SeaPort Airlines (Portland International) has ceased all operations as of Tuesday, September 20. In a statement, the Oregon-based carrier said it would now be liquidated as part of a switch from Chapter 11 to Chapter 7 bankruptcy proceedings.

“This is a very sad day for our employees, shareholders, and the communities we serve," Tim Sieber, president of SeaPort Airlines, said. "I would like extend my heartfelt appreciation to the employee team that I have been honored to lead and who delivered industry leading operational performance.
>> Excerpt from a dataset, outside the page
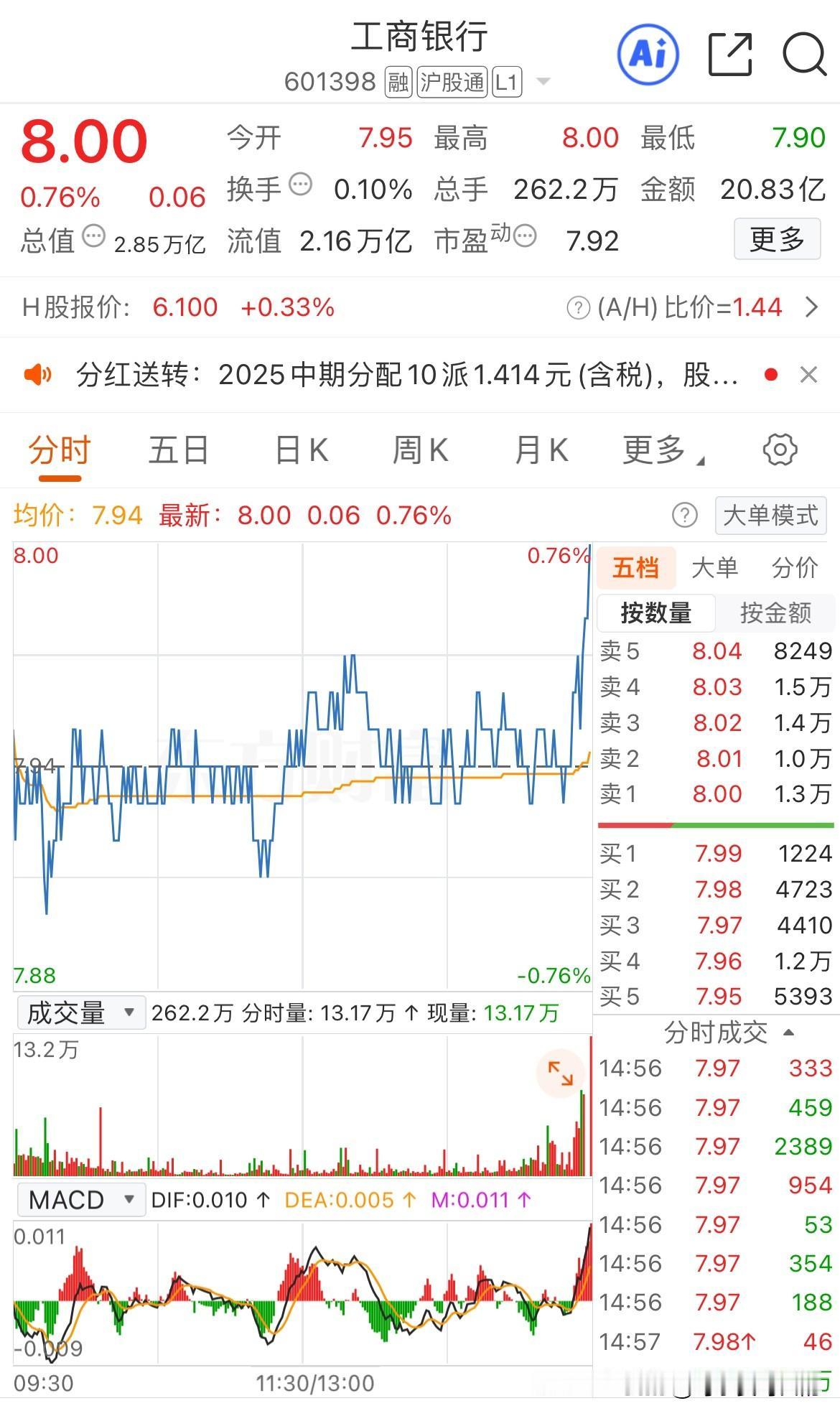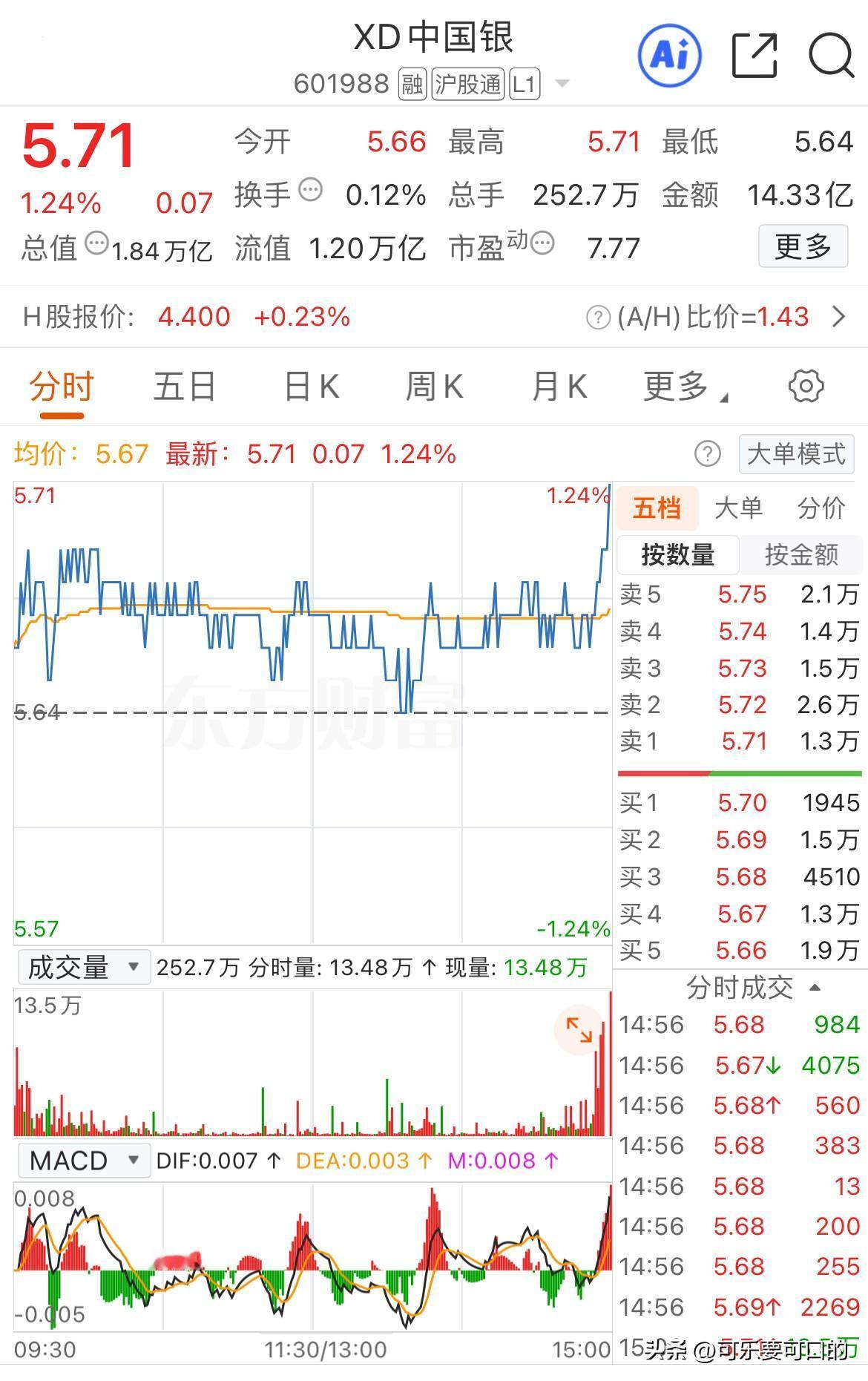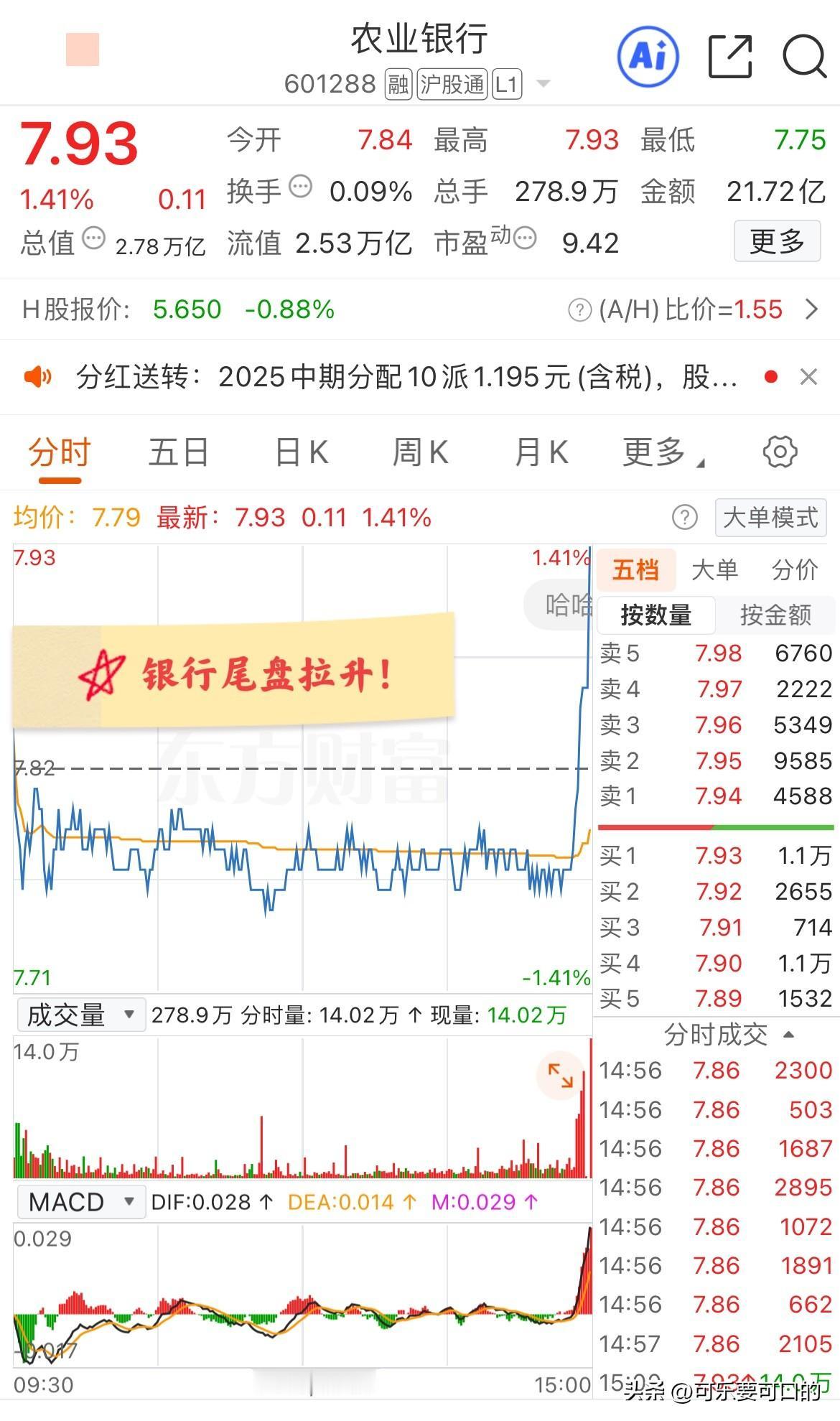 银行尾盘偷袭?硬抬上证指数5个点! 收盘前,沪指还下跌0.81%,但是到集合竞价结束,上证指数却瞬间从跌0.81%(3868)跳到了跌0.7%(3873)! 再一查看四大行的股价,瞬间就明白了! 集合竞价结束后,农行拉了1%、工行拉了0.26%、中国银行拉了0.35%! 此外还有像浦发银行、邮储银行和交通银行等大型银行也均有上翘迹象! 但其实追溯到收盘前10分钟,也就是2点50分的时候农行就已经率先启动了,其直接被从水下拉起翻红! 而之所以这么做的目的很有可能就是控指数,因为当时沪指最低已经跌到了0.96%,再下跌就达到1%了!

While we made great strides, a successful financial reorganization did not appear possible and we were forced to make the difficult decision to cease operations.”

Court documents indicate the loss of SeaPort's Pendleton Essential Air Services (EAS) contract coupled with the loss of a key line of credit had both significantly impacted its ability to sustain operations.

On its initial application for Chapter 11 in February this year, the carrier said it had been struggling with a shortage of qualified flight personnel brought on by new US Federal Aviation Administration (FAA) regulations which require First Officers to have a minimum of 1,500 hours ATP experience to operate for a Part 121 airline.

Using a fleet of five leased Cessna (single turboprop) Grand Caravan 208Bs, SeaPort served El Dorado Goodwin South Arkansas Regional, Hot Springs Memorial, Houston Intercontinental, Harrison, Memphis International, Pendleton, and Portland International.